I'm a rookie when it comes to keeping Shrimp alive and am slightly embarrassed to say I spend more time researching and reading forums than actually keeping shrimp, but it's all fun to me.

Let's get down to business.

WHO: WLOD occurs in shrimps of all kind, all gender, all size, sexual orientation, etc. May also occur in nightmare of shrimp keepers who have repeatedly loss money, time, and relationships due to WLOD

WHAT: WLOD is self explanatory but if you don't know it's the WHITE LINE OF DEATH in shrimps.

WHERE: Usually seen between the Carapace and the Abdomen of the shrimp. Basically the divide where most chefs separate when making shrimp cocktails. (between the head and the body)

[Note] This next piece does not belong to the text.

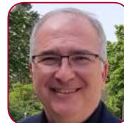
Sven SchroebeL Röhm GmbH

HOW: Develops usually when shrimps tries to molt and it cant. Molting is a harder process than we think. Some says this is just a "racing stripe, or a unique trait," well jolly that's nice for them however we won't be discussing this due to WLOD not WLOLife.

WHEN: Any time of day however usually seen after water changes or when introducing shrimps to new tanks.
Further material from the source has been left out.